Critique : Le Hérisson
« Qu'est-ce que j'ai fait pour mériter ça ? », s'interrogeait Pedro Almodóvar il y a un quart de siècle. Une question toujours d'actualité, notamment pour qui vient de gâcher une centaine de minutes devant Le hérisson, libre adaptation - paraît-il assez fidèle - du best-seller surprise de Muriel Barbery. Si le roman avait divisé, le film devrait logiquement faire l'unanimité tant il déploie une vacuité constante de la première à la dernière image. Ça commence avec cette petite fille supérieurement intelligente et donc suicidaire, qui se met en tête de faire un film sur ceux qui l'entourent - et qu'elle méprise. On sait dès l'annonce de ce suicide programmé qu'elle ne passera jamais à l'acte ; et on le regrette âprement, tant le personnage n'est qu'une baudruche et tant son interprète ressemble à un plaidoyer pour la vasectomie. Que la petite Paloma soit une gosse surdouée, soit ; que ça l'autorise à débiter des phrases interminables et absolument factices, non.
Le hérisson
ne raconte pour ainsi dire rien du tout, si ce n'est la rencontre en
triangle de Paloma, de la concierge taciturne de son immeuble et d'un
nouveau locataire d'origine japonaise. Ce dernier est le moins
inintéressant car il parle peu. Face à lui, une Josiane Balasko
toujours aussi persuadée que porter une tignasse bien crasseuse est une
condition nécessaire et suffisante pour être convaincante
(rappelez-vous Cette femme-là). Les échanges des 3 personnages sont d'une banalité absolue, le seul et unique message semblant être le très rengaine « méfiez-vous des apparences
». Alors oui, certes, on veut bien aller au-delà de l'enveloppe
physique, mais pourquoi faire ? Pour découvrir que la concierge a lu
plein de bouquins, ce qui semble immédiatement faire d'elle quelqu'un
de très bien ? Le film ne va pas plus loin que ça, et c'est assez
consternant.
La forme est elle aussi assez agaçante.

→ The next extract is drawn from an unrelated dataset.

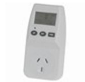
Multifunction Energy Meter $20

And finally, we encourage every club to appoint an "Energy Detective" to their maintenance team. Go through your lodge room-by-room with a fine tooth comb, sniffing out and accounting for all your consumption. You will discover many things that either don't need to be running, can be turned down, run less often or run during off-peak times. You will be staggered by the consumption of some appliances – some may be costing more to run even in a year than replacing with more efficient alternatives. An excellent reference for checking appliance energy ratings is http://www.energyrating.gov.au/ . To facilitate this, we offer a couple of plug-in power meters for checking individual appliances and a "Watts Clever" standby power override. And don't forget to factor in future power pricing (rising more like a "Purgatory Spur" profile than "Easy Street")!

Très souvent,
l'action est vue à travers la caméra de la jeune fille, qui déblatère
en voix off contre le monde entier. L'image est d'une laideur assez
terrible - le reste du temps elle n'est qu'ordinaire - et la voix assez
inaudible. Comme si le calvaire n'était pas suffisant... Et puis il y a
la fin. Comme souvent dans les films qui n'ont rien à raconter, elle
est pire que tout, histoire de créer un semblant de surprise chez le
spectateur bien déterminé à comprendre pourquoi il a payé son ticket.
Le dénouement du Hérisson est
plus idiot que tout ce qui précède, versant tout à coup dans le
lacrymal le plus total. La dernière impression est la bonne : celle
d'un film manipulateur et manichéen, qui réjouira peut-être deux ou
trois petites vieilles mais ne manquera pas d'en consterner plus d'un.